Coconut shrimp is a shrimp dish prepared using shrimp and coconut as primary ingredients. It can be prepared as a crunchy dish with the shrimp coated and deep fried, pan-fried or baked, and as a sautéed dish using coconut milk and other ingredients. It can be prepared and served on skewers.

Crunchy
Crunchy coconut shrimp is typically prepared using shrimp that are coated with flour, placed in an egg wash, coated with a flaked coconut and bread crumb mix, and then deep fried. The shrimp can be butterflied prior to being coated.

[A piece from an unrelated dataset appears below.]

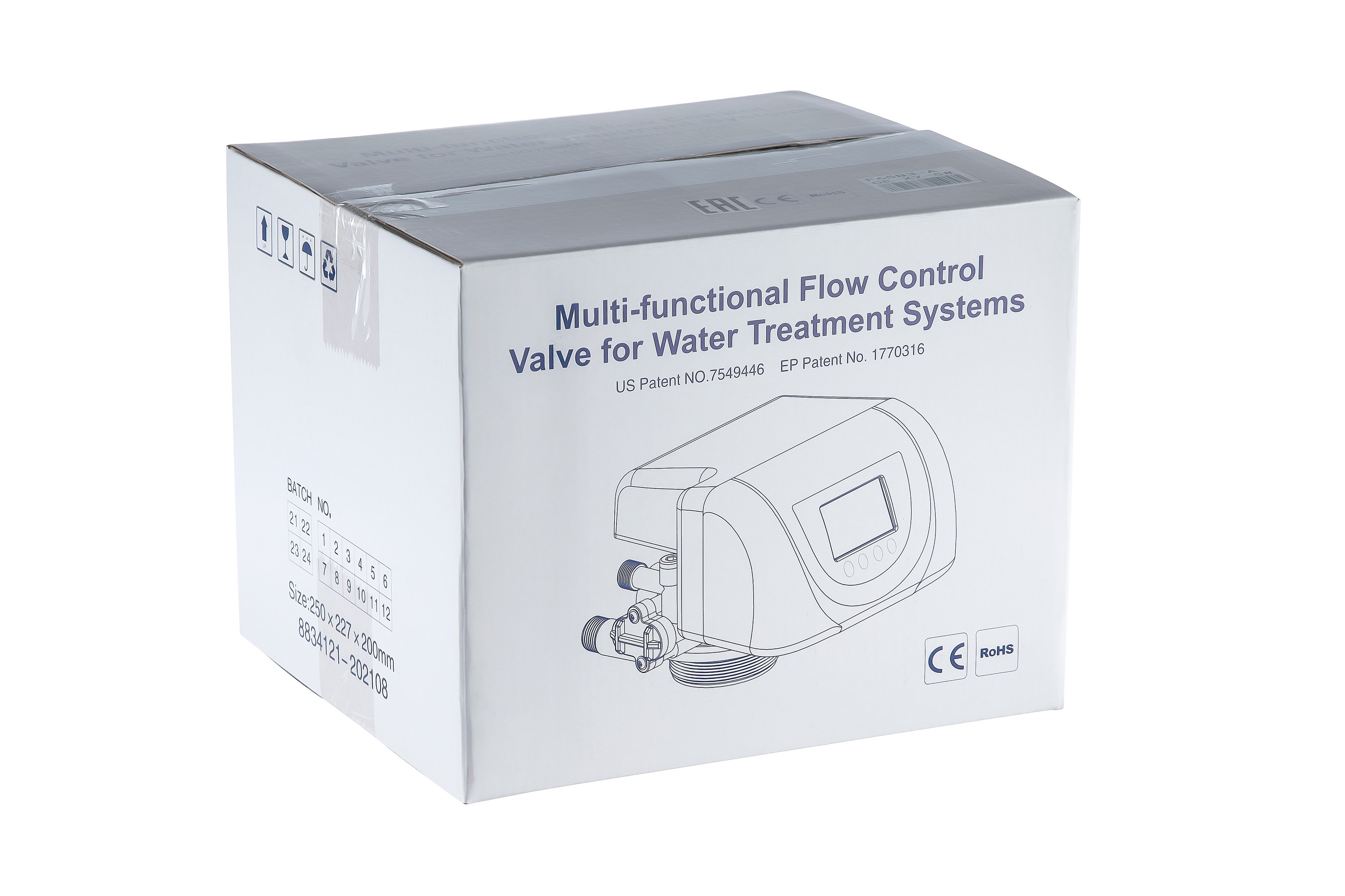 Блок управления автоматический по объему отфильтрованной воды реагентный для умягчителей. Предназначен для коммутации потоков воды внутри корпуса скорого фильтра с зернистой загрузкой.

Panko bread crumbs or standard bread crumbs can be used, as can a mixture of both. Chopped nuts such as macadamia and almond can be used as additional ingredients to coat the shrimp.

This version of the dish can also be baked, pan-fried, or grilled, rather than deep-fried. Baked versions may have fewer calories and fat compared to deep-fried versions. After cooking, the shrimp have a crunchy texture. It may be served with various dipping sauces, such as sweet and sour sauce, peach sauce, apricot sauce, sweet chili sauce, and marmalade, among others. It can be served with lime wedges, and lime zest can be used as an ingredient in the dish.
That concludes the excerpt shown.